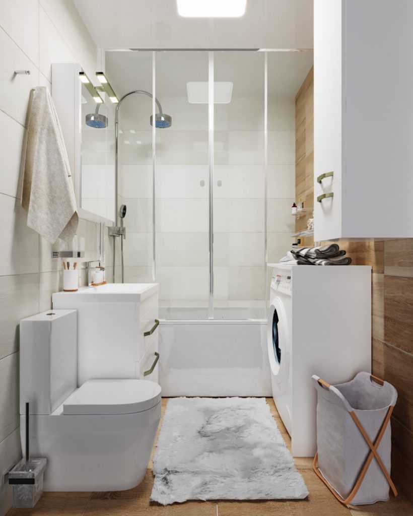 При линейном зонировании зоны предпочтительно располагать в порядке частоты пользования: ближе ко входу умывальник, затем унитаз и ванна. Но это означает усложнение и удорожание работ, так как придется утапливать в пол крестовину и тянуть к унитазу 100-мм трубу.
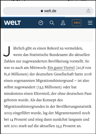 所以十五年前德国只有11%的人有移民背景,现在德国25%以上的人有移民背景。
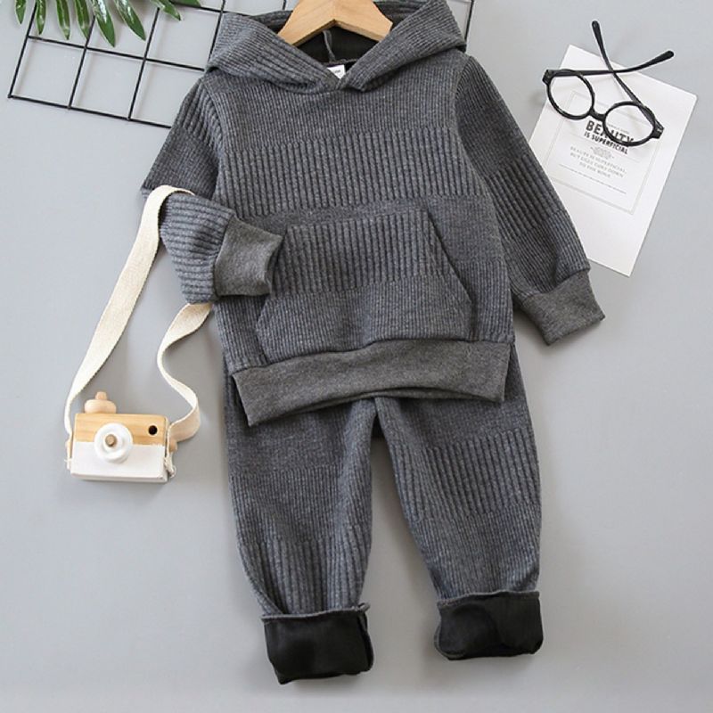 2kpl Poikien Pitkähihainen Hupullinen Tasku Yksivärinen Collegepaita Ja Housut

■ **What needs to be done**:
Leave out the pictures and copy the rest of the material above exactly.

■ **Solution to this problem**:
 При линейном зонировании зоны предпочтительно располагать в порядке частоты пользования: ближе ко входу умывальник, затем унитаз и ванна. Но это означает усложнение и удорожание работ, так как придется утапливать в пол крестовину и тянуть к унитазу 100-мм трубу.
 所以十五年前德国只有11%的人有移民背景,现在德国25%以上的人有移民背景。
 2kpl Poikien Pitkähihainen Hupullinen Tasku Yksivärinen Collegepaita Ja Housut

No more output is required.